Olivé inicia este apartado haciendo una revisión de la democracia, la cual se extendía a países
“atrasados” y expertos ofrecían su ayuda para la implementación de la misma. Sin embargo,
había hay dos a destacar: una enfocada hacia el gobierno abierto e inclusivo y otra regida por un
bien común e instituciones enfocadas a sostener ese sistema. Esta última buscaba ser la
consultora de las democracias incipientes. Frente a esto, las naciones democráticas “avanzadas”
no habían previsto los peligros del avance en biotecnología.
Y es que, a partir del 11 de septiembre del 2001, se observó que la “evaluación experta
del riesgo” y la “percepción pública del riesgo” no son tan diferentes: todo riesgo real es un
fenómeno percibido, pero su naturaleza depende del mundo objetivo y de los sujetos que lo
perciben. Así, cada agente justifica y legitima su percepción del riesgo: según la posición social y
cultural. Sin embargo, el autoengaño al percibir riesgos es posible y un ejercicio crítico racional
puede demostrar la inexistencia de algún supuesto riesgo. Por ende, no hay una única manera
correcta de evaluar y gestionar el riesgo.
Dicho lo anterior, se deduce que tanto la identificación como la gestión del riesgo atañe a
todos, es decir, la concepción pluralista aplicada al proceso del riesgo exige que la toma de
decisiones resulte de un proceso de diálogo, ventilándose abiertamente los intereses y fines de
todos los sectores involucrados, a fin de alcanzar consensos. De esta manera, se defendería el
ideal de democracia con fundamentos éticos.
Ahora bien, riesgo se define como una situación en la cual se pone algo valioso en juego.
Surge a partir de decisiones humanas, sea por actuación u omisión. Por ende, un riesgo supone
una elección y una responsabilidad y en democracia, traería consigo una justicia social. Además,
el riesgo sólo existe para quien se percate de él, empero, existen algunos riesgos omnipresentes y
su distribución conduce a conflictos que plantean profundas cuestiones de justicia social.
El problema en la estimación del riesgo se debe a que ningún estándar de minimis ofrece
la misma protección para todos, pero, si se rechaza el estándar de minimis, es difícil determinar
las condiciones, por ejemplo. Entonces ¿Qué sucedería con los grupos vulnerables? El minimis
obliga a elegir entre protección promedio y protección igualitaria, entre eficiencia y la ética. Así,
los métodos que se usan con frecuencia para evaluar el riesgo involucran juicios de valor.

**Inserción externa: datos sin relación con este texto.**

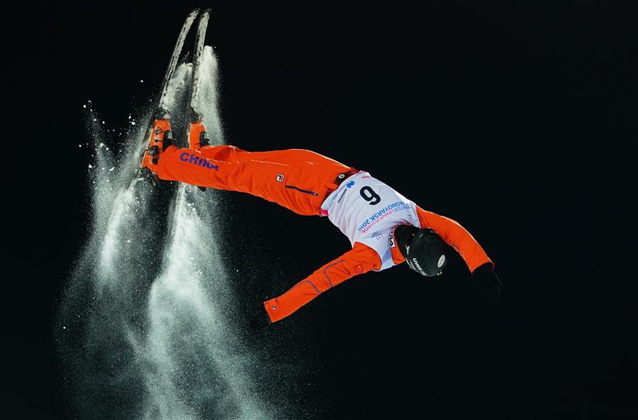 KRASNOYARSK, 3 marzo, 2019 (Xinhua) -- Li Zhonglin, de China, participa durante la final de esquí aéreo estilo libre varonil, en la 29 Universiada de Invierno en Krasnoyarsk, Rusia, el 3 de marzo de 2019. (Xinhua/Yang Shiyao)

Pero dado que no hay una única solución a un problema de qué tan eficiente es un sistema
técnico, sino que la evaluación depende de quien la hace, se debe involucrar a quienes serán
afectados por la tecnología aplicada. Así, en el conjunto de resultados se tendrá la variable según
los intereses de los afectados. La eficacia, entonces, es relativa, más, adquiere la categoría de
objetiva una vez que se establecen fines.
En consecuencia, el conocimiento en general, el conocimiento científico en particular, y el
conocimiento sobre riesgos tiene que ser público ya que no lo produce un solo individuo.

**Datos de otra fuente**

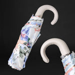 Discover the essence of elegance and purity with the Unique Folding White Umbrella, adorned with a serene Flowers print and finished with a luxurious Leather Handle, exclusively designed for women. This umbrella is a testament to timeless beauty and sophistication, offering a perfect harmony between functionality and style.
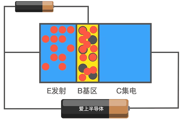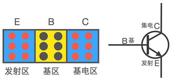 它有三个区域,分别是 P 型半导体,N 型半导体和 P 型半导体,从而形成 PNP 型晶体三极管或者 NPN 型晶体三极管。
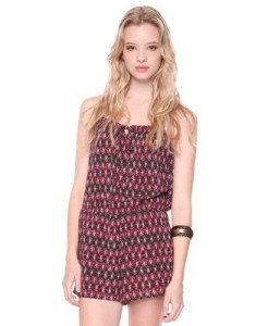 Ikat print romper($9.45), Red multicolor tribal skirt($13.80) and Strapless ikat dress($19.80) all available at Forever21.
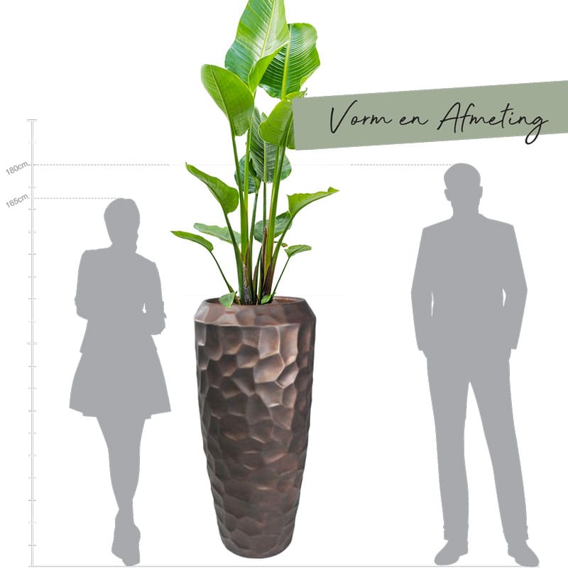 Grote luxe hoge vaas van HQ lichtgewicht kunststof steen. Prachtig design en reliëf in brons zwart. Afmeting: 55 x 55 x 125 cm Aantal: 1 stuk Artikelnummer: 2844A Gebruik: outdoor, voor gebruik indoor kunt u een binnenvaas bijbestellen via deze link. Afwatering uitsparing in bodem: nee, vanwege het luxe kenmerk kunt u de plaatsing zelf bepalen,…

Además, todas las personas son agentes racionales y autónomos que les permite elegir y decidir
por sí mismas el plan de vida más adecuado para sí. Así se traza la diferencia entre una
tecnocracia y una democracia privatizadora del conocimiento.
Por otra parte, las controversias, en cuanto a la consolidación y desarrollo del
conocimiento y de la ciencia, permiten la generación de razones para buscar acuerdos. Además,
se puede partir de una base de acuerdos, pero deben estar dispuestas a su modificación basadas en
decisiones óptimas, la participación responsable, así como la confianza en la ciencia y tecnología.
Para lograr la confianza es importante la transparencia de las comunidades científicas y
tecnológicas en cuanto a metodologías y procedimientos, implicaciones y consecuencias.
Así, la justificación ética de la participación pública en el proceso del riesgo se basa en el
intento de reconocer a los ciudadanos como seres racionales pertenecientes a ciertas
comunidades, etnias y regiones, con una identidad cultural propia.